==== Information provided ====

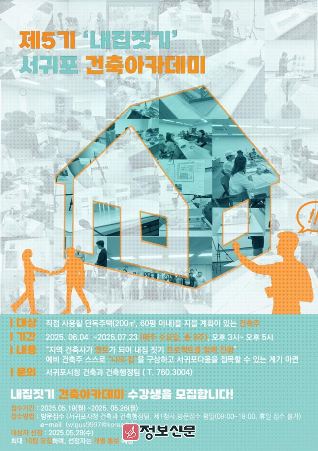 ![]() 서귀포시, 제5기 내 집 짓기 시민 건축아카데미 참가자 모집 |
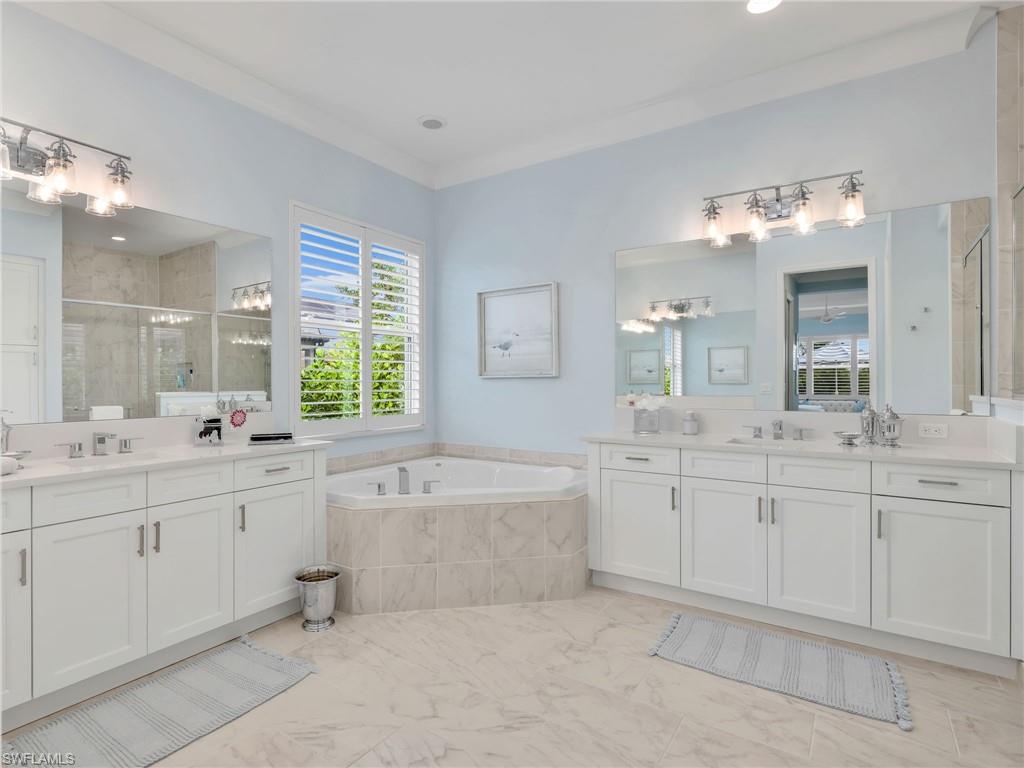 Welcome to the exquisite Marina Model, impeccably designed home featuring 3 bedrooms plus a private office, showcasing refined coastal Florida decor and designer finishes throughout. The office features a custom built-in desk and entertainment area creating a sophisticated functional workspace. This 3.5 bath residence is richly appointed with extensive millwork, designer lighting, custom window treatments, and plantation shutters, while California closets throughout provide elegant organization. The great room is anchored by a stunning electric fireplace, seamlessly blending warmth and style. The gourmet kitchen is a show piece featuring custom built in pantry with roll out drawers, beverage center and thoughtful upgrades for both entertaining and everyday living. The indoor living flows effortlessly to the outdoors through hurricane-impact windows and doors leading to a full-view screened lanai overlooking a serene water view. The heated pool, complete with built in seating and tranquil waterfalls creates a true resort-style retreat, complimented by a beautiful outdoor kitchen. The temperature-controlled garage is finished with an epoxy floor and custom storage cabinetry, offering both luxury and practicality. surrounded with lush landscaping and maintained to perfection. This home truly shows like a model and delivers the ultimate Florida lifestyle. The clubhouse is an astonishing 43,000 sq ft filled with lap, swimming and resistance pool. Treat yourself to a spa day and never leave the neighborhood. The Gather Restaurant offers some of the best food to ever meet your palate preference. Gym/workout area has some of the best high-end equipment to reach your personal goals. Multiple club rooms and a show room for entertainment of all kinds. this clubhouse is nothing short of spectacular.
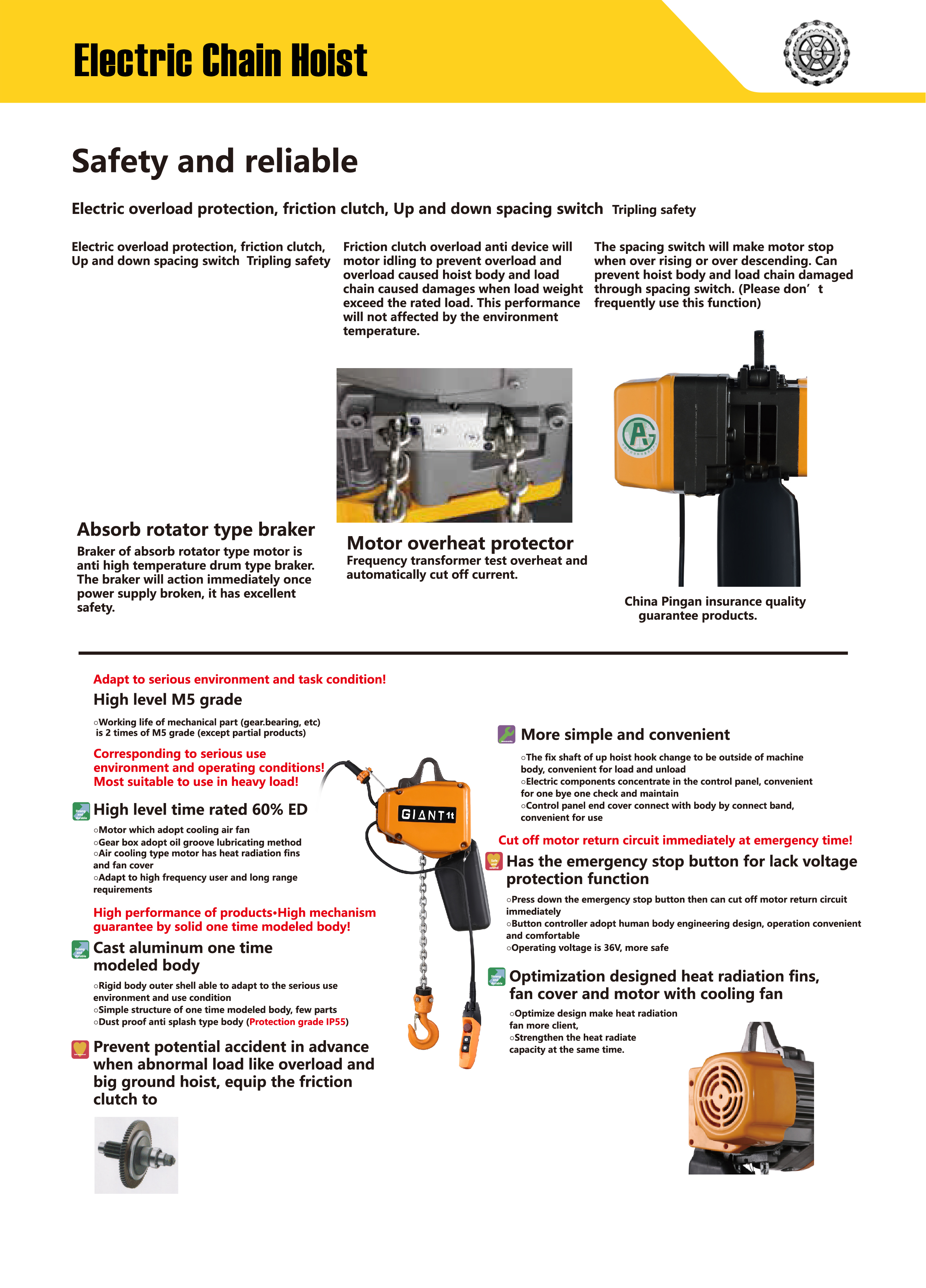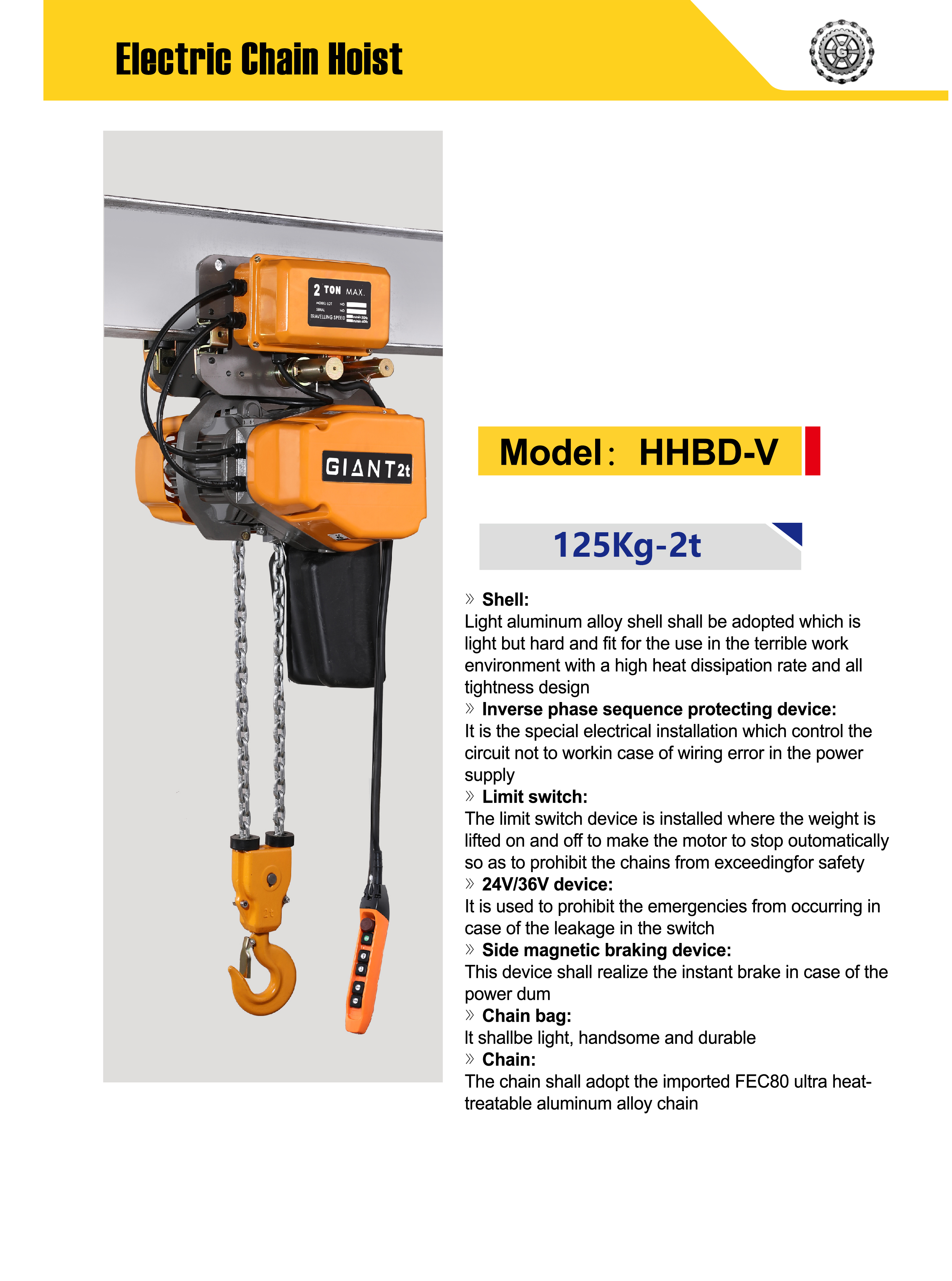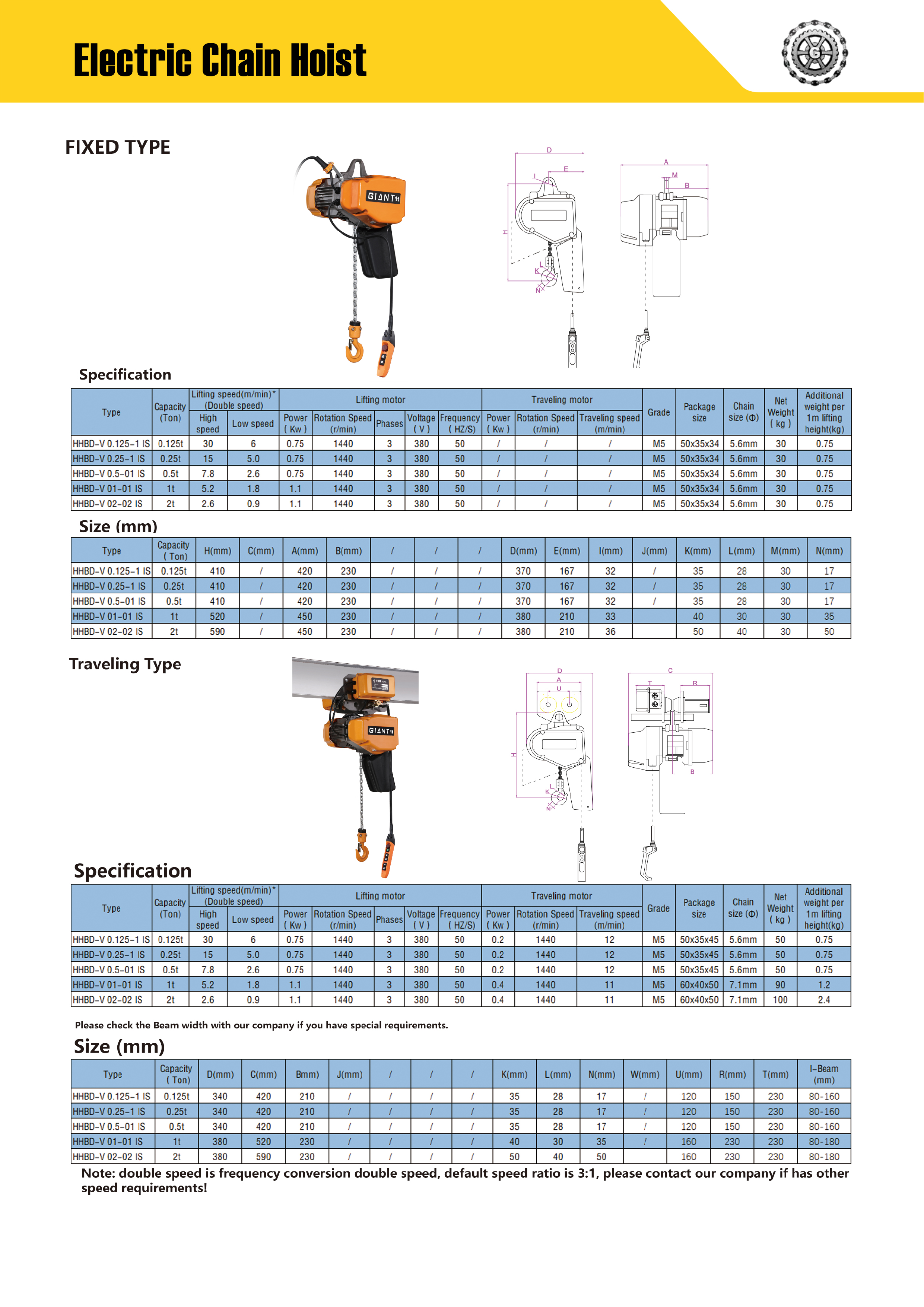 | Typ | Kapacitet (Ton) | Lyfthastighet (m/min)* (Dubbel hastighet) | Lyftmotor | Åkmotor | Kvalitet | Paketstorlek | Kedjestorlek ( Φ ) | Nettovikt (kg) | Extra vikt per 1 m lyfthöjd (kg) | |||||||
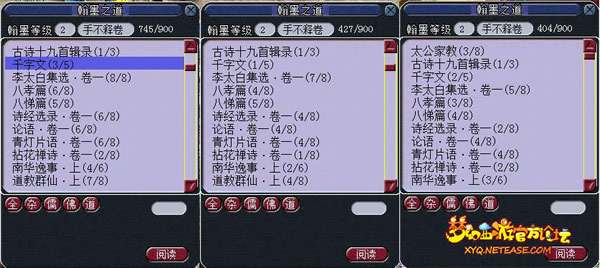 翰墨最吸引我的,大概就是翰墨积分兑换的物品里面有玄天残卷。七夕之前,玄天残卷只有门贡可以兑换,有时候会出现有价无市的情况,翰墨的出现让我眼前一亮。只要集齐一套书上交就能获得积分,积分就能兑换价值不菲的玄天残卷。那么大家最关心的想必就是一套书能换多少积分。在我不惜高价收买千辛万苦的努力下,终于集齐了一套。
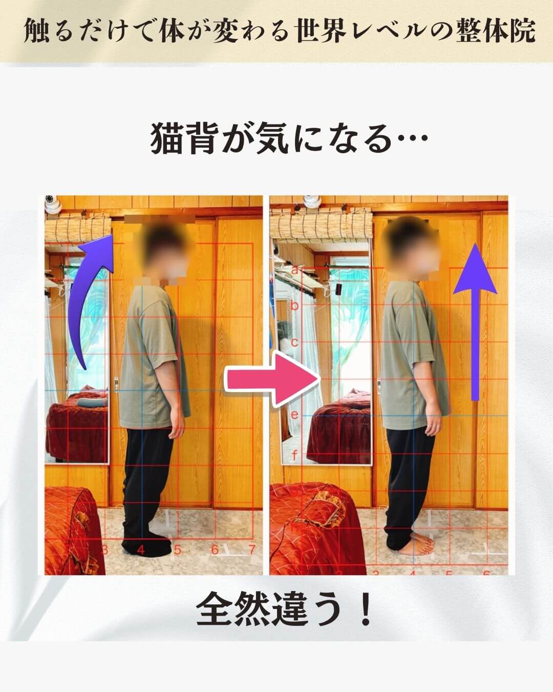 サプライズ整体院では、施術前後の変化を写真で記録します。T様の場合も、同じ位置・同じ姿勢で撮影した写真を見比べると、その違いは歴然でした。
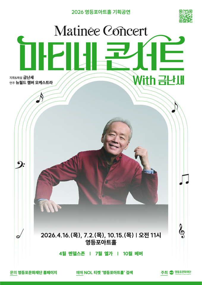 이건왕 영등포문화재단 대표이사는 “마티네콘서트는 클래식을 일상에서 자연스럽게 접할 수 있는 영등포아트홀의 대표 기획공연”이라며 “지휘자 금난새의 해설과 함께하는 이번 시즌이 관객들에게 깊이 있는 음악적 경험과 여유로운 한낮의 시간을 선사하길 바란다”고 전했다.
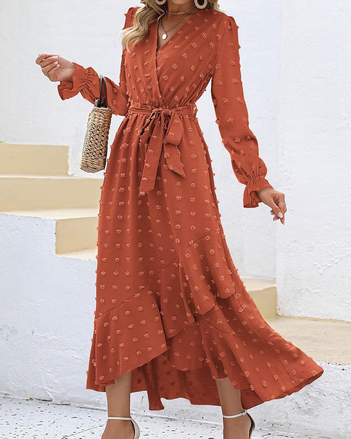 - FEATURES: Wrap V Neck Dresses, A Line Dresses For Women, Sleeve End With Ruffle Cuffs, Neck End With Safety Snap, Self Tie Belt, Pleated Wrap Hem, 3D Swiss Dot, Fits For Spring, Summer, Fall
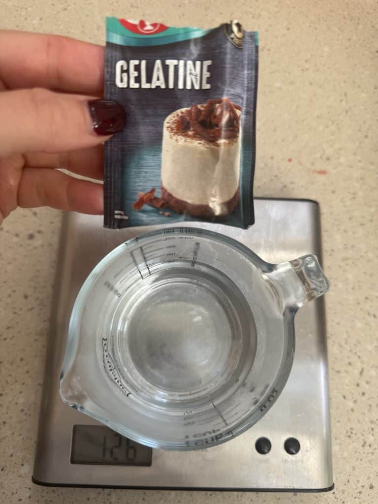 - Dissolve 12 g gelatine powder in approx. 8 tablespoon boiling water if you have the full volume (or half it if necessary)
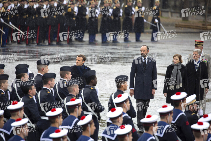 Staatspräsident von Frankreich, Premierminister von Frankreich, cérémonies du 101ème anniversaire de l’Armistice de 1918, Politiker, Politikerin, Politik, Euroapolitik, Weltpolitik, Zeremonie, Feierlichkeiten, Feierlichkeit, Staatengemeinschaft, Staatschefs, Internationale Organisationen, Verbündete, Militär, Soldaten
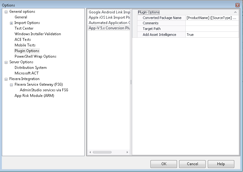 - In the middle pane, select App-V 5 Conversion Plugin . The App-V 5.0 conversion options are displayed in the right pane.
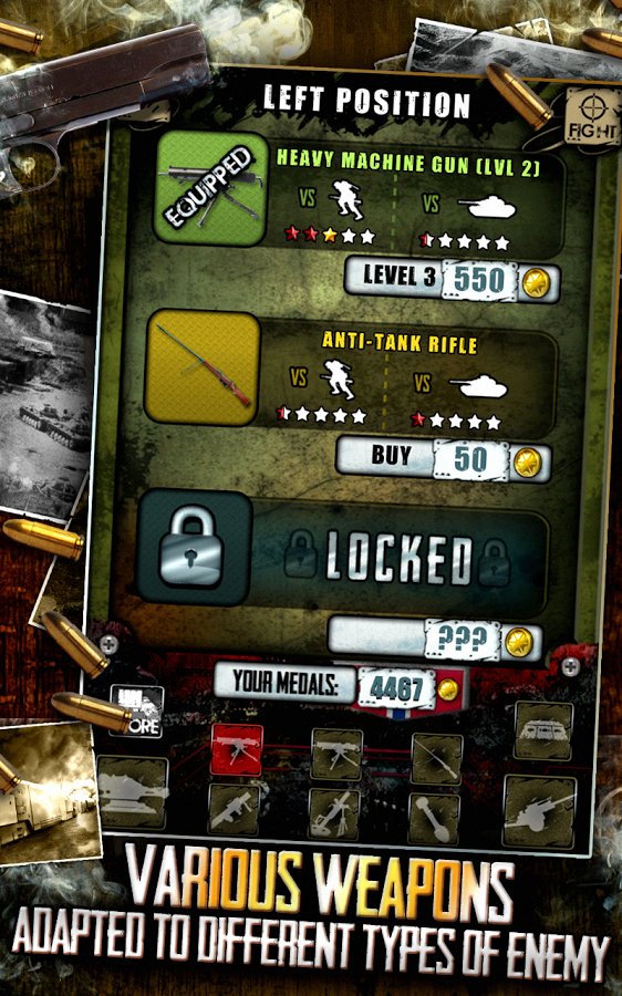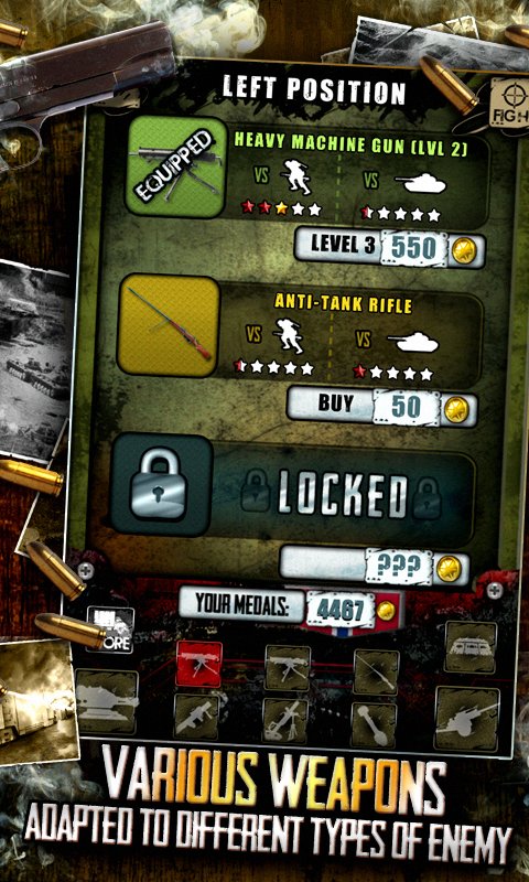 Defense 39 - События разворачиваются во времена второй мировой войны, когда уже погибло очень много людей. И вот война дошла и до вашей страны. Защищайте свою страну, свои территории, от фашистской армии и техники, и не давайте врагам приблизится к вам. Вы укрылись в неприступном ДОТе, который под завязку набит всеми возможными орудиями. Пулемёты, автоматы, ракеты и многое другое, а самое главное, что управлять всем этим будете именно вы! У вас будет возможность после каждой волны пополнить боеприпасы различными видами оружия. Вам это очень пригодится, когда на вас пойдут танки вместо пехоты...
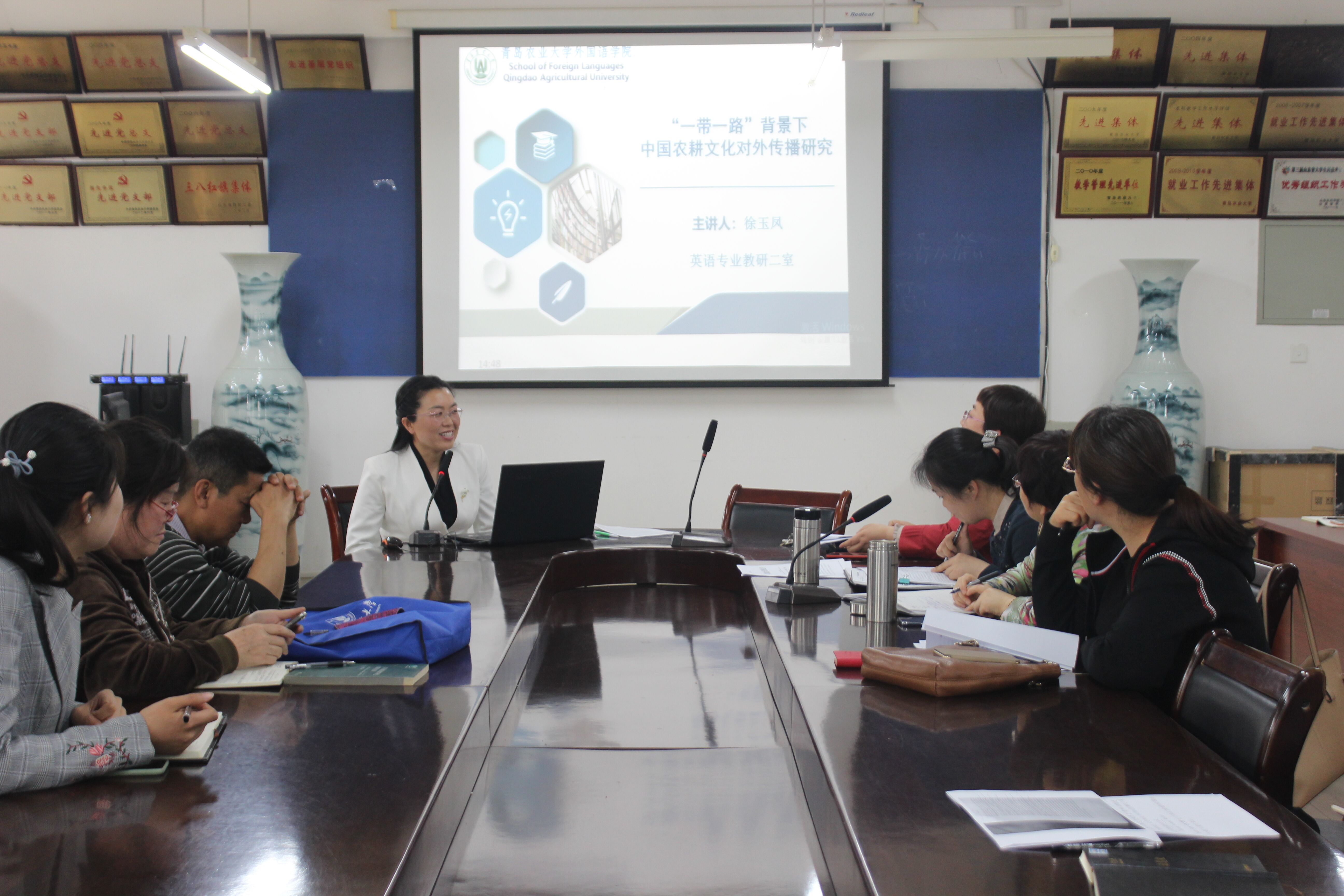 5月9日,beat365亚洲体育官方网站于文经楼会议室开展外语学术论坛第三讲。此次学术论坛由徐玉凤博士主讲,主讲题目为《“一带一路”背景下中国农耕文化对外传播研究》,公司全体领导、教职工与会,副经理高秀雪主持论坛。
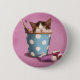 Gatinho adorável que napping em um pote azul do lápis das bolinhas, pintado pelo artista Maryline Cazenave.

====

▶ **What is required**:
While skipping the pictures, transcribe the data above from the line showing "翰墨最吸引我的,大概就是翰墨" through the line showing "- Dissolve 12", exactly and with both ends.

▶ **The answer**:
 翰墨最吸引我的,大概就是翰墨积分兑换的物品里面有玄天残卷。七夕之前,玄天残卷只有门贡可以兑换,有时候会出现有价无市的情况,翰墨的出现让我眼前一亮。只要集齐一套书上交就能获得积分,积分就能兑换价值不菲的玄天残卷。那么大家最关心的想必就是一套书能换多少积分。在我不惜高价收买千辛万苦的努力下,终于集齐了一套。
 サプライズ整体院では、施術前後の変化を写真で記録します。T様の場合も、同じ位置・同じ姿勢で撮影した写真を見比べると、その違いは歴然でした。
 이건왕 영등포문화재단 대표이사는 “마티네콘서트는 클래식을 일상에서 자연스럽게 접할 수 있는 영등포아트홀의 대표 기획공연”이라며 “지휘자 금난새의 해설과 함께하는 이번 시즌이 관객들에게 깊이 있는 음악적 경험과 여유로운 한낮의 시간을 선사하길 바란다”고 전했다.
 - FEATURES: Wrap V Neck Dresses, A Line Dresses For Women, Sleeve End With Ruffle Cuffs, Neck End With Safety Snap, Self Tie Belt, Pleated Wrap Hem, 3D Swiss Dot, Fits For Spring, Summer, Fall
 - Dissolve 12 g gelatine powder in approx. 8 tablespoon boiling water if you have the full volume (or half it if necessary)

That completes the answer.